P1 vs P1E32 vs P1E16 vs P2 cycle counting benchmark comparison!

jmg · 2014-04-05 15:24

Bill Henning wrote: »

jmg suggested that we can flag a slot as unassigned, as a power saving measure. I am not sure how that would help save power, I'd rather drop a cogs multiplier, or cogstop it (which presumably freezes its power usage)

COGSTOP of course works, but you have just lost a COG - so it is a rather blunt instrument.
COG dividers will work, but need a little care with interactions with COG slot assignments, and it all gets harder to understand.,

There is only one COG slot assignment block, and is it small RAM, so it can be more comprehensive, my expanded idea is to flesh out thus :

* Expand the table size have both Power and HUB Alloc fields, 8b + 3b, and bump to 32 or 64. entries
* Add a Wrap counter(or equiv), to allow good control of less than 8 COGs

This is a tiny RAM just 44 or 88 bytes, ( or 48/96 bytes, if the design pops the WRAP control into a RAM bit column)

There is now a single array that manages both Power Envelope control, and Hub BW.
Users choose by simple mapping, which COGS get what share of the resources of Power Envelope control, and Hub BW

One COG could be given 100% Power, and 50% COG BW, or 50% Power and 50% COG BW, and the others could
go as small as 1/32 or 1/64 of the power envelope (~3% or 1.5% quanta on both Hub BW and Power Envelope)

This is all 100% deterministic, with no surprises, and controlled from a single place. Easy to SW report, and generate the table.

This would work for both P2 and P1E, and it would be slightly larger on P1E.

Addit: I think this could even widen to work to the COG-Task level, in a 4 COG design.
It is a similar time-scan-mapping as tasks use now.

RossH · 2014-04-05 17:12

Hi Bill,

Interesting. So for string-type operations the P16X32B would be twice as fast as the P1. But of course string-type operations are a miniscule percentage of most programs, and for pure cog operations the P16X32B would be five times faster, and for most LMM applications it would be somewhere between 2 and 4 times faster (depending on caching).

So, overall, we could expect the P16X32B to be pretty close to 4 times faster than the P1? With 256KB RAM and 64 I/O pins?
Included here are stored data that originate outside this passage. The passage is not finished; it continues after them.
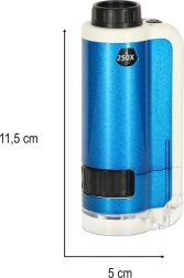 Descoperiți lumea fascinantă a microscopiei cu microscopul de buzunar pentru copii. Acest dispozitiv permite explorarea detaliată a diferitelor obiecte, cum ar fi frunzele, fibrele textile sau cristalele de sare, datorită măririi duble (100x, 250x). Microscopul este echipat cu un LED care asigură iluminare optimă.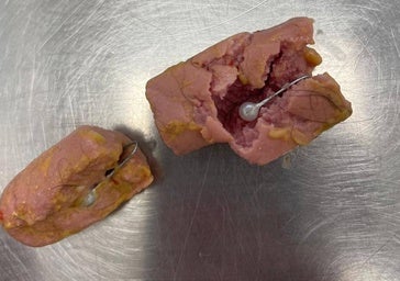 «En la mañana del domingo, paseando por la zona de siempre, el perro estaba agitado y encontré que había varias salchichas. Yo intenté quitarle una, pero ya era tarde. Avisé a la Policía y me sorprendió que no era la primera vez que las encontraban en la zona», cuenta Nicole, la dueña de Pistacho, un setter inglés de 3 años. En el veterinario, provocando el vómito al animal, consiguieron que el perro expulsara dos trozos y con una endoscopia extrajeron la tercera salchicha con alfileres que en realidad había ingerido Pistacho. «Afortunadamente, llegamos a tiempo y el perro está bien, pero me gustaría que el caso se difundiera para que esto no vuelva a suceder», advierte Nicole. Porque los agentes reunieron unos quince trozos de salchicha con alfileres doblados dentro. «Y menos mal que se las comió enteras porque las llega a masticar y no sé qué le hubiera podido pasar...», teme.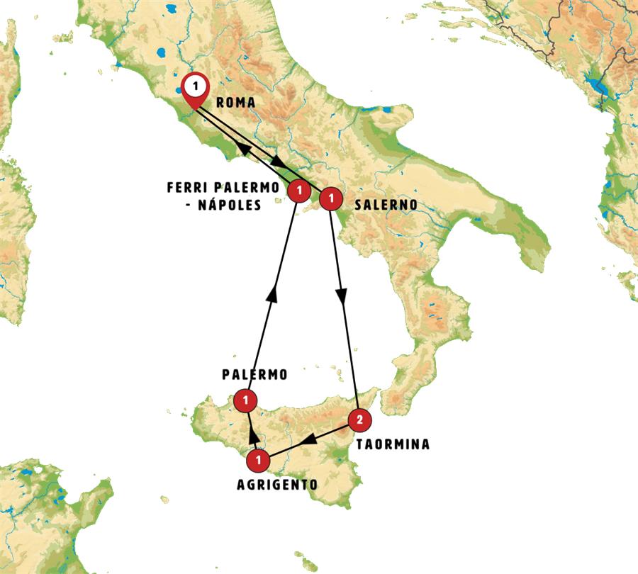 ROMA, NÁPOLES, CAPRI, SORRENTO, SALERNO, PAOLA, MESINA, TAORMINA, CATANIA, SIRACUSA, AGRIGENTO, MARSALA, ERICE, PALERMO, MONREALE, FERRI PALERMO - NÁPOLES, POMPEYA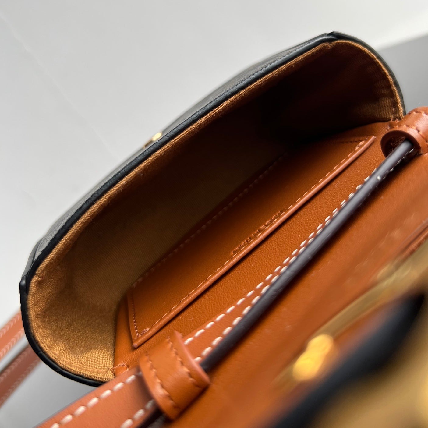 SMOOTH CALFSKIN 20 OVAL CINNAMON BLACK BAG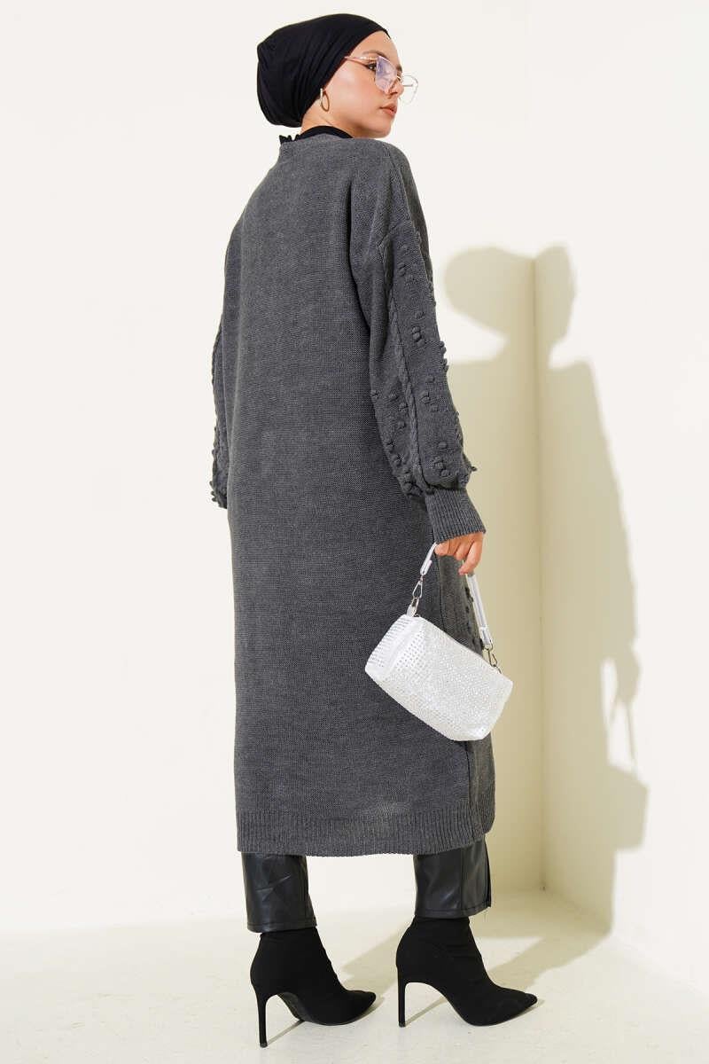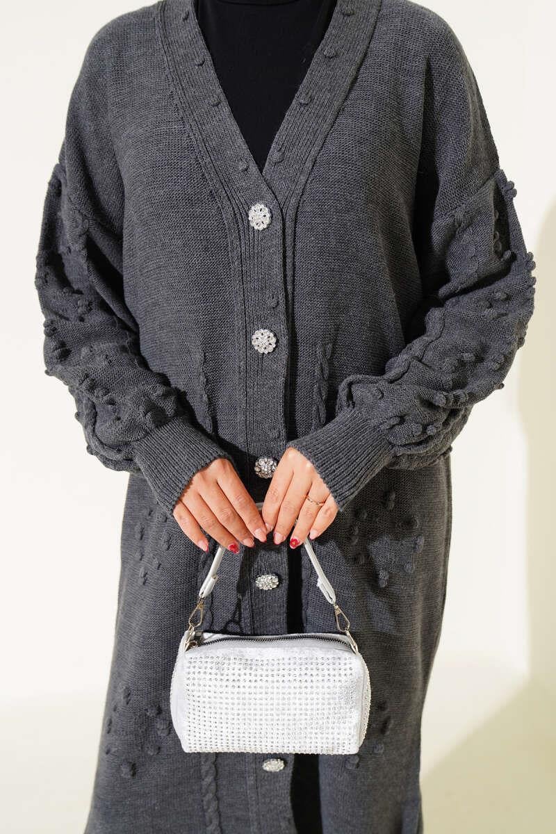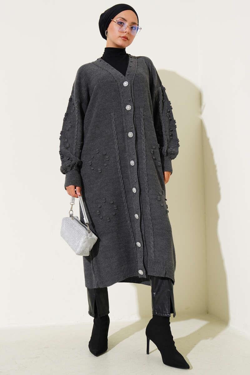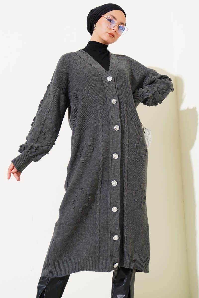 Taşlı Düğmeli Triko Hırka Füme (0875-4098-675788)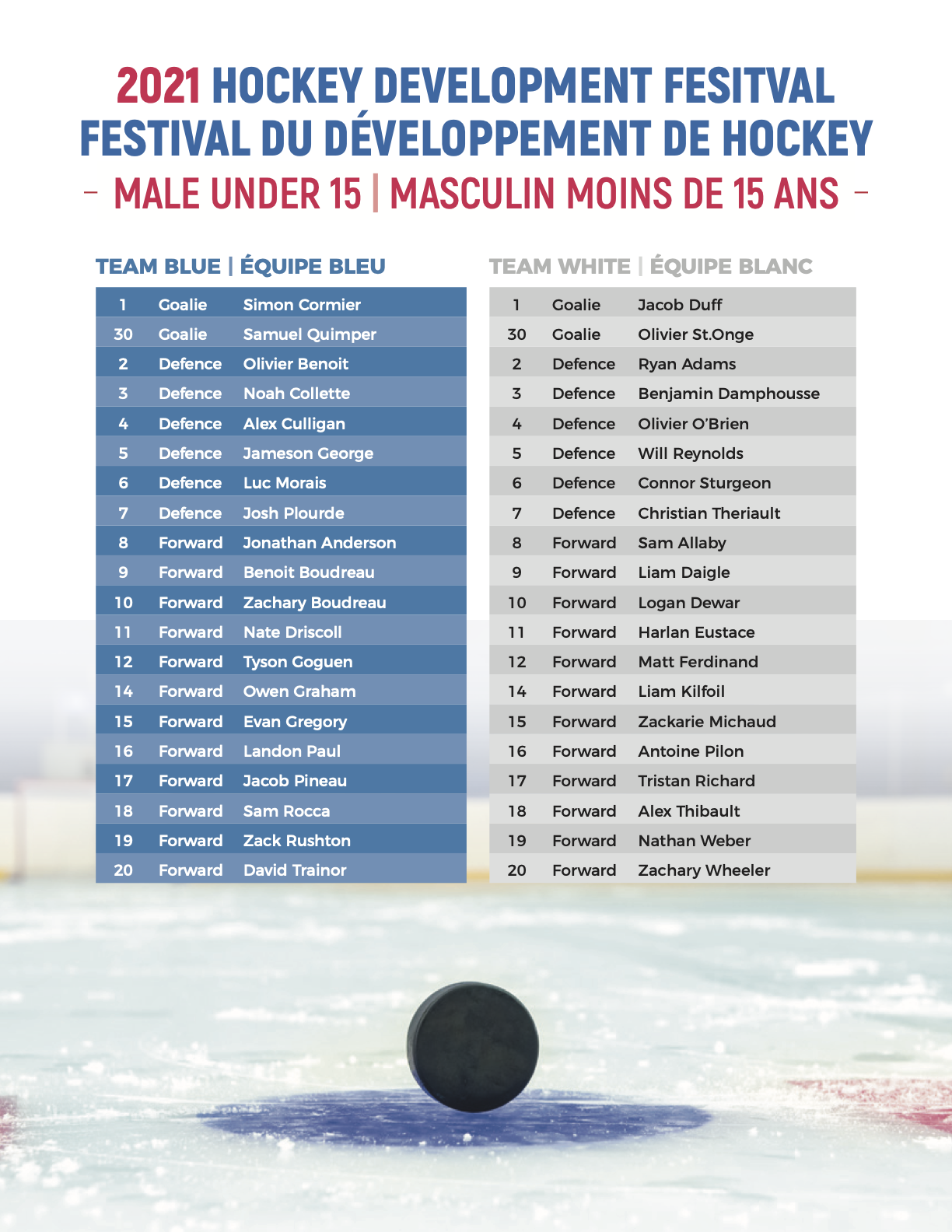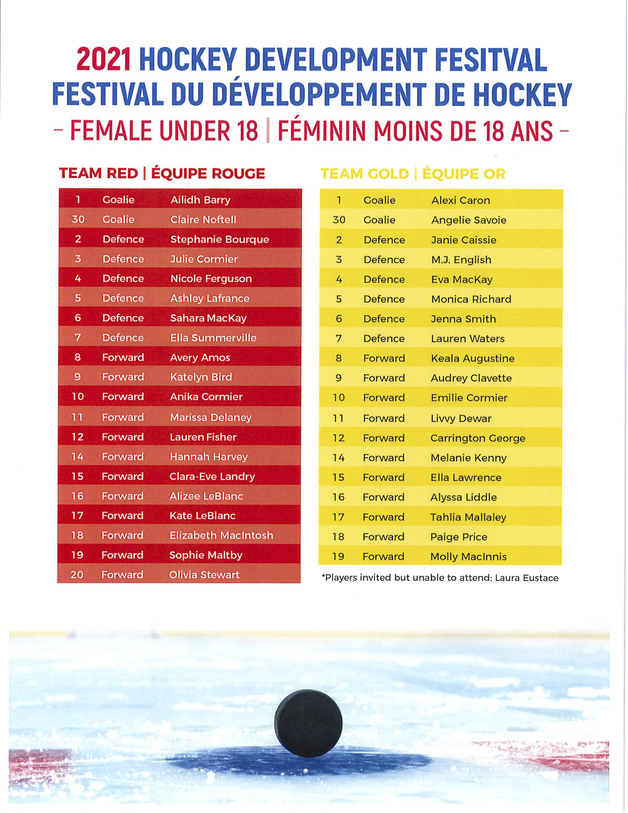 Dieppe, NB – July 16, 2021 – One hundred and twenty male and female hockey players, in three divisions have been invited to participate in the Hockey New Brunswick Development Festival beginning July 16th. The camps will run over two weeks in Dieppe at the Uniplex.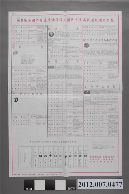 此物件為第8屆全國不分區及僑居國外國民立法委員選舉選舉公報,記載各黨派候選人相關資料,投票日期為2012年1月14日,印發單位為彰化縣選舉委員會。 2012年,中華民國首次將總統、立法委員選舉之投票作業合併施行,此一變革的目的在於減省社會資源、減少社會對立等等。總統、立法委員選舉合併投票的方案,早在2007年中華民國第12屆總統選舉前,即被政府納入規劃,但遲遲未於各政黨間形成共識。而在2012年的第8屆立法委員選舉中,中國國民黨在立法院總席次中單獨取得過半席次,成為當屆國會中的最大政黨。 臺灣的立法委員選舉始於1948年,在1947年的國民大會代表選舉之後接續展開。立法委員任期原為3年一任,但因國民黨政府制定「動員戡亂時期臨時條款」凍結憲法部分條文等原因之下,首屆立法委員的任期被持續延長,形成長達40餘年未改選之現象,是為「萬年國會」。1972年起,中華民國政府開始定期舉辦「增額立法委員選舉」。解嚴後,於1992年展開中央民意代表的全面改選。在2008年的第7屆立法委員選舉中,立委選制由「複數選區不可讓度制」改為「單一選區兩票制」,立委任期也改為4年。2012年,則修改選務期程,使立法委員與總統選舉一併舉行。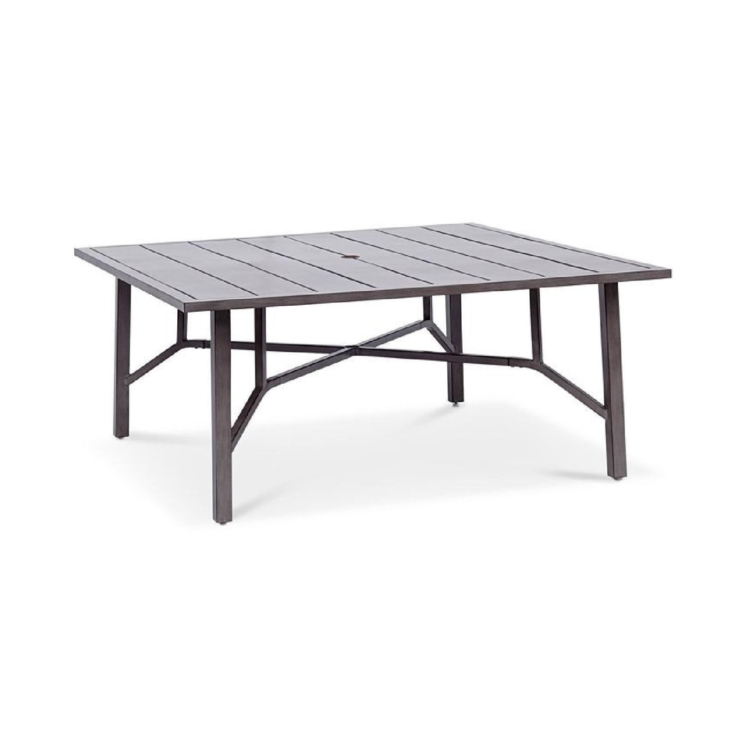 Seller's Notes:Macy's Aluminum 64" square Wayland Outdoor Dining Table - lovely weathered gray Comfortably seats 8 Lightweight (65 lbs) yet sturdy and durable Super easy to assemble “Excellent Condition - very lightly used - has been stored” Moving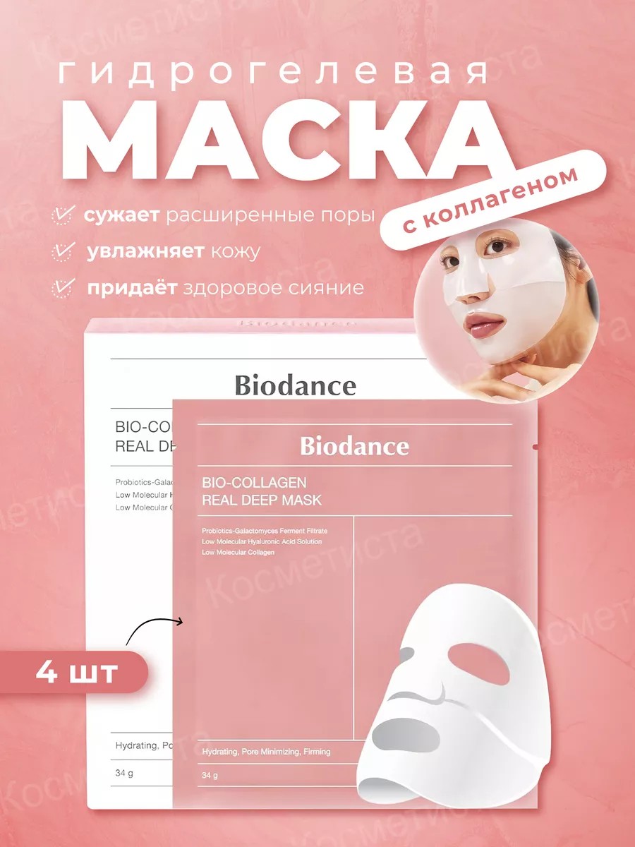 BIODANCE Гидрогелевая, коллагеновая ночная маска для лица 4шт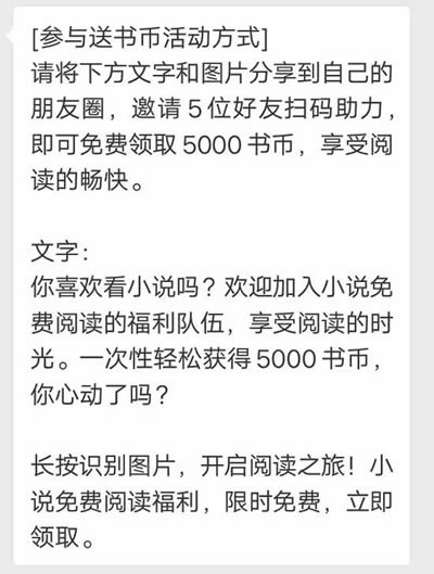 目前市面上小说平台虽然多,但几乎都需要付费阅读,该活动便以直接邀请好友助力赠送书币的形式来打造“免费书币”诱饵。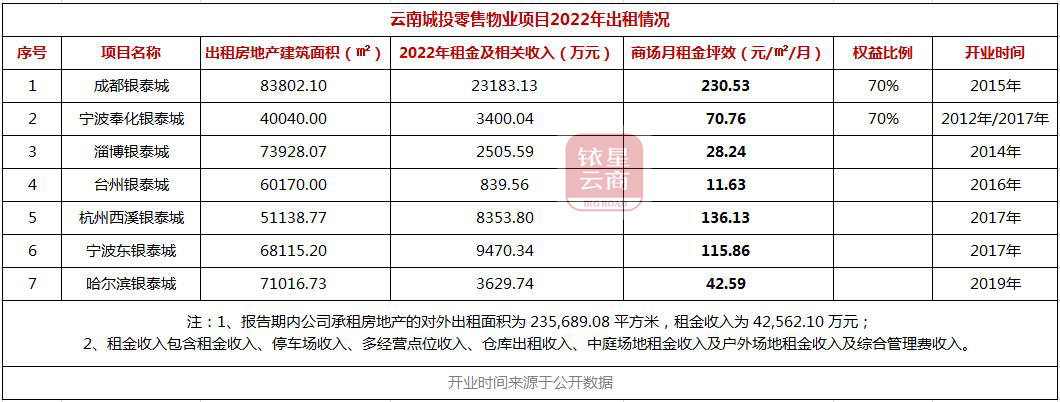 云南城投2022年报显示,报告期内公司承租房地产的对外出租面积为 235,689.08 平方米,租金收入为42,562.10 万元,根据前述两数值可得出云南城投2022年商场月租金坪效为150.49元/㎡/月,在行业内还属于不错的水平。2022年云南城投自持商场的出租情况如下表: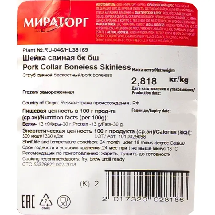 Шейка свиная без кости «Мираторг», 1,6–3,7 кг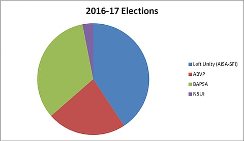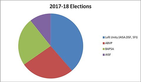 When we look at the vote shares of this year’s election (2017-18), we observe that the trend has remained the same. In order to get a consolidated mandate to the Left Unity, another break-away faction -- the Democratic Students’ Federation (DSF) -- had too joined the coalition.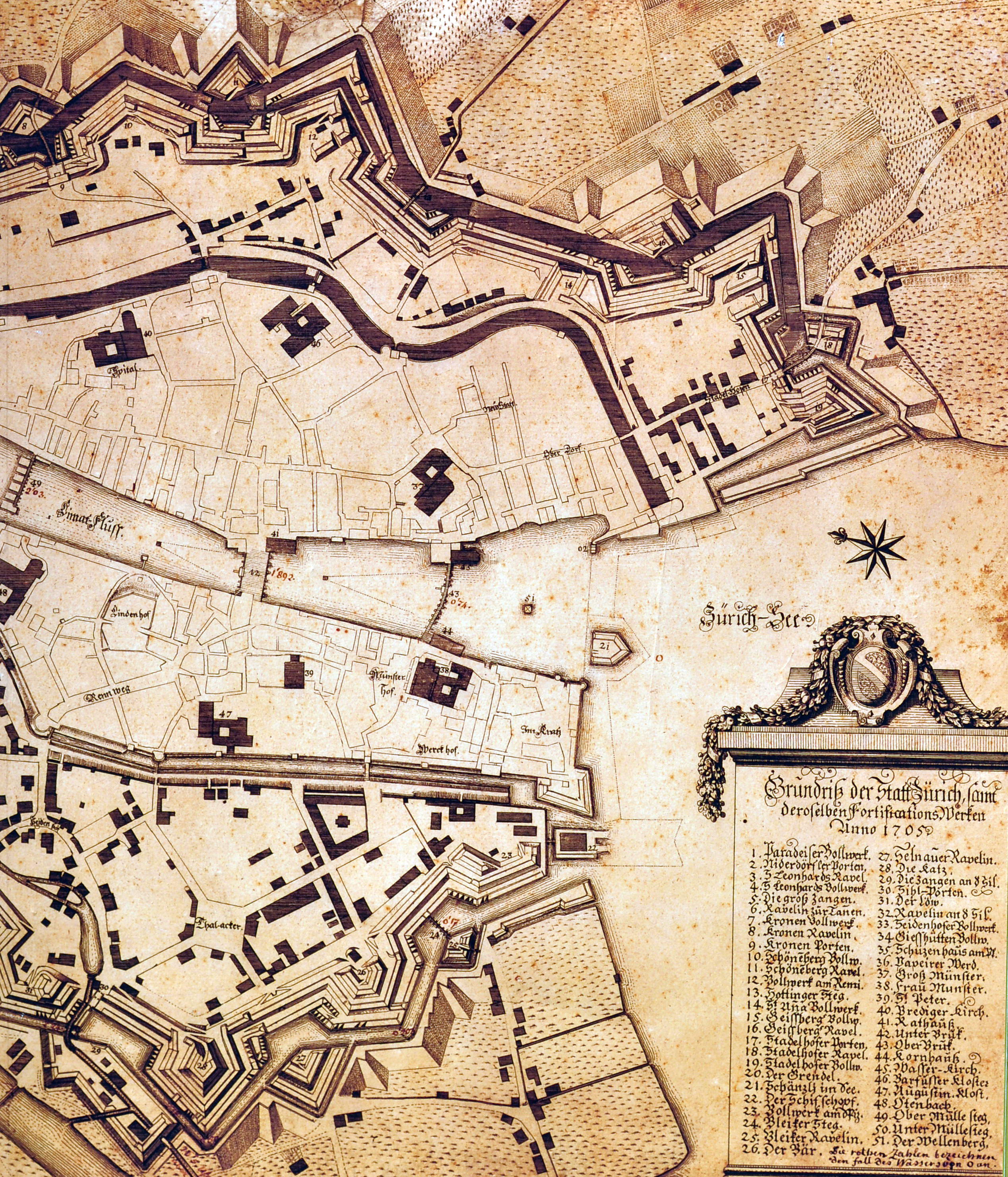 한때 리마트강과 취리히 호수 사이의 늪지대에 위치한 취리히 호수 주변의 선사시대 말뚝 주거지는 신석기 시대와 청동기 시대로 거슬러 올라간다.[14][15] 엥게의 취리히 호수 호숫가에 위치한 취리히–엥게 알펜콰이는 인근에 약 0.2k㎡ 면적의 호수 방류에 있는 반도였던 클라이너 하프너와 그로서 하프너의 유사한 정착지가 이웃했다. 현재 취리히 시내에 있는 정착지는 유네스코 세계 문화 유산 알프스 주변의 선사시대 말뚝 주거지와 스위스 국가 및 지역 중요문화재 목록에 등재되어 있다.[16]5. 2. 중세-근대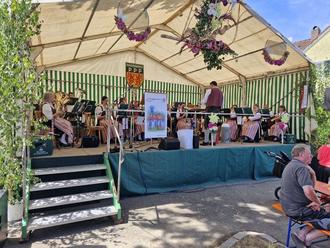 Los gings mit einem kleinen Kirchenzug zum Festplatz unter der Dorflinde. Nach dem Gottesdienst, bei dem wir die traditionelle Schubert-Messe spielten, unterhielten wir das Publikum mit bekannter Blasmusik bei bestem Wetter.

I'd buy that for a dollar!

Ross.

Bill Henning · 2014-04-05 17:21

Thanks Ray.

strlen() is typical of any sequence of code where you have two cog and one hub operation. Heavier hub use would tilt towards the P2.

It is also an excellent example of LMM vs Hubexec, as every instruction has a minimum of one hub access in LMM or hubexec, and two hub accesses roughly 1/3rd of the time.

Pure cog code would show less of an advantage for the P2, but it is much more rare.

Cluso99 wrote: »

Bill,
Nice job.

But strmove and strcopy are hardly normal instructions so may heavily skew results. As you know, numbers can always be made to fit a desired scenario.

A P2 cog at the same clock will currently use ~15x the power of the P1 cog. Chip can and will reduce the P2 cog power usage by clock gating, but it still will be a power hog compared to a P1 cog.

There are some ideas that can help both P1E and/or P2...
* Slot allocation. I know you and I both agree (not necessarily on implementation, but it can be fine-tuned).
This would give extra time to the critical cogs, and to the large general cog.
* Cogs not being equal. (I don't recall your stance on this)

Thanks Ray.

strlen() is typical of any sequence of code where you have two cog and one hub operation. Heavier hub use would tilt towards the P2.

It is also an excellent example of LMM vs Hubexec, as every instruction has a minimum of one hub access in LMM or hubexec, and two hub accesses roughly 1/3rd of the time.

Pure cog code would show less of an advantage for the P2, but it is much more rare.

I have no problem whatsoever with unequal cogs, as long we only have two types

Cluso99 wrote: »

Real life means at least one cog needs to be different from the rest. It needs to be...
- the main controlling cog
- capable of large memory (hubexec really helps over LMM)
- non-deterministic
- capable of lapping up unused slots
The remaining cogs need to be...
- lean, mean for driver performance
- deterministic (default)
- lots of them
- low power, relatively fast
- configurable fixed slot allocation (by Cog #0)
- hw assist - Video/Counters for P1; Video/Counters/UART/USB/SERDES for P2
- lots of them removes the need for multi-tasking and multi-threading
Everyone want more hub ram. P1E can give us at least 512KB. Maybe with these above refinements, the P2 can get 512KB too?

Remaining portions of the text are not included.